Lawsites: With Launch of ‘AllSearch,’ Casetext Unleashes Powerful Neural Net Search Technology on Litigation Documents

Some background on Case Texts new “neural” search

 

Last year, I wrote here about the beta release by Casetext of a powerful search tool, WeSearch, developed using an emerging branch of artificial intelligence known as neural networks, that is remarkably adept at finding conceptually related documents, even when they contain no matching keywords.

Now, Casetext is formally launching that search tool under a new name, AllSearch, and with a focus on helping litigators search large sets of legal documents, including for e-discovery or to search internal databases and repositories, such as brief banks, litigation records, deposition transcripts, and expert reports.

It is now also fully integrated with the Casetext legal research platform, so that a user can simultaneously search primary and secondary legal resources and their own document collections.

“I see this as the most important product launch in the history of the company by far,” Pablo Arredondo, Casetext’s cofounder and chief innovation officer, told me during a demonstration of AllSearch, “because I think it represents our ability to expand well beyond legal research and to bring all that Casetext is to all the other oceans of content out there that need it.”

Neural Network Framework

Before I say more about this new product, allow me to provide some background.

As I explained in that post last year, in 2020, Casetext launched Compose, a first-of-its-kind product that helps lawyers create the first draft of a litigation brief in a fraction of the time it would normally take.

A core component of Compose was Parallel Search, a powerful tool for finding conceptually related cases, even when they contain no matching keywords. As I wrote in another post, Parallel Search could be considered the secret sauce of Compose, using an advanced neural network-based technique to to follow you as you draft a brief and automatically provide you with conceptually relevant precedent.
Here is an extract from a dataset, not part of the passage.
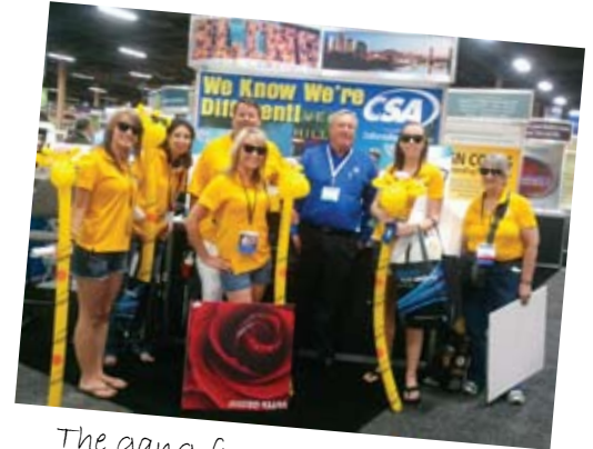
The gang from Signtech (San Diego) stopped by to say hello and pick up their CSA shades!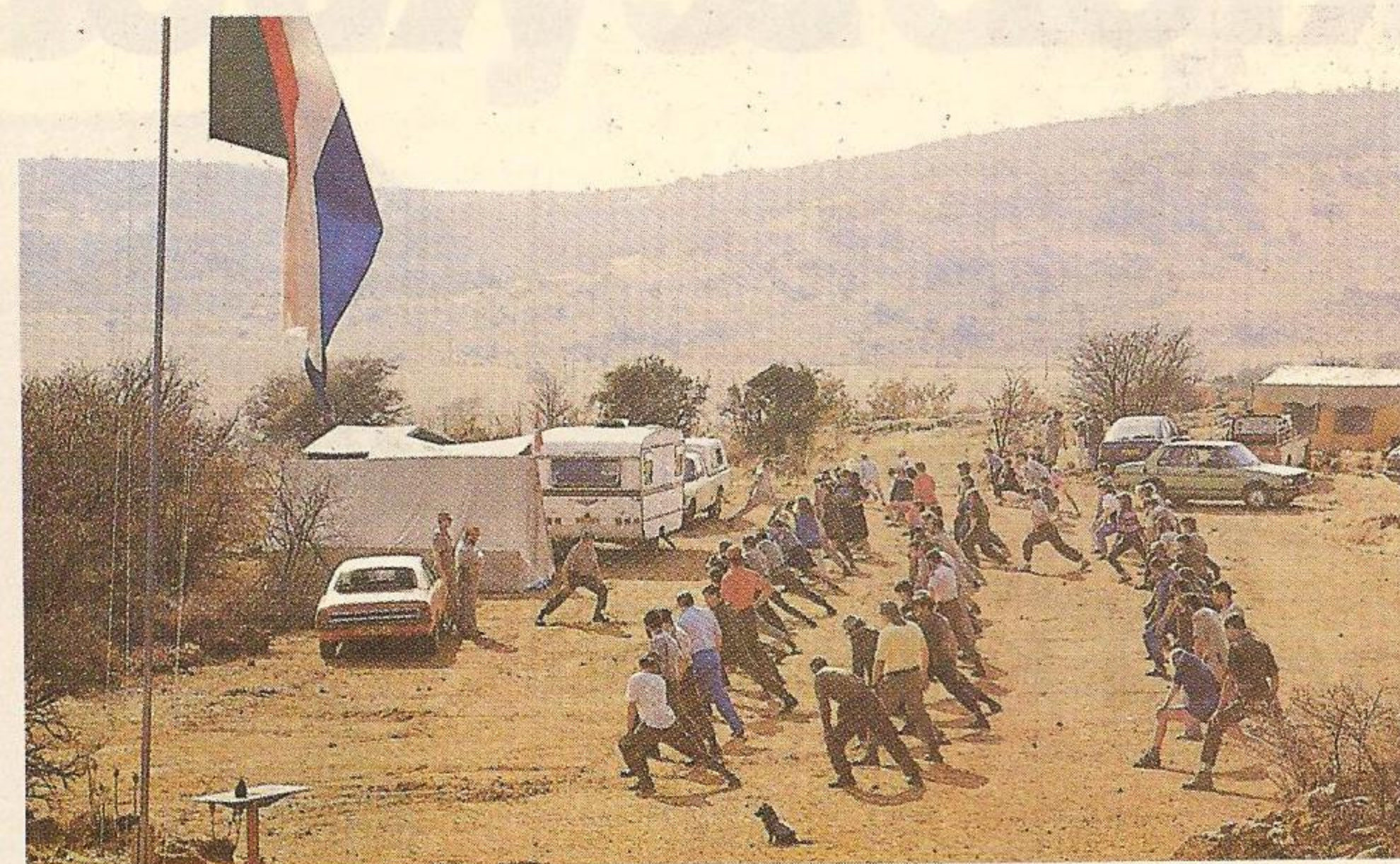
With Mandela unable to control the former ANC gangs, only the worst fool walks the streets unarmed and unprepared — adding to the popularity of AWB family training camps.

What is remarkable about Parallel Search is its ability to go beyond the kinds of results you would expect from keyword searching, finding conceptually analogous caselaw even when the cases do not use the same language.
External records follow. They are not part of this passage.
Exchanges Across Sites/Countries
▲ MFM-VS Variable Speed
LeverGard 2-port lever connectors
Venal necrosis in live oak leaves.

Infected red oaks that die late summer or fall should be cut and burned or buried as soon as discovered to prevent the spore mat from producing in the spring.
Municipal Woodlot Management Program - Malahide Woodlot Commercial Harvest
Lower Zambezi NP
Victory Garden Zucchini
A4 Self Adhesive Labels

As Arredondo puts it, compared to Parallel Search, “what others called natural language search was just casual Fridays in the keyword prison.”

(I offer some examples of the power of Parallel Search in this prior post.)

It is based on transformer-based neural networks, the same general approach that underpinned Google’s open-source network framework developed by Google called Bidirectional Encoder Representations from Transformers, or simply BERT. Casetext tailored the approach to make it work on the nuance and scale that litigation requires.

Proof of Concept

When Casetext launched WeSearch, it took that power of Parallel Search and extended it to virtually any collection of documents on which you might want to unleash it.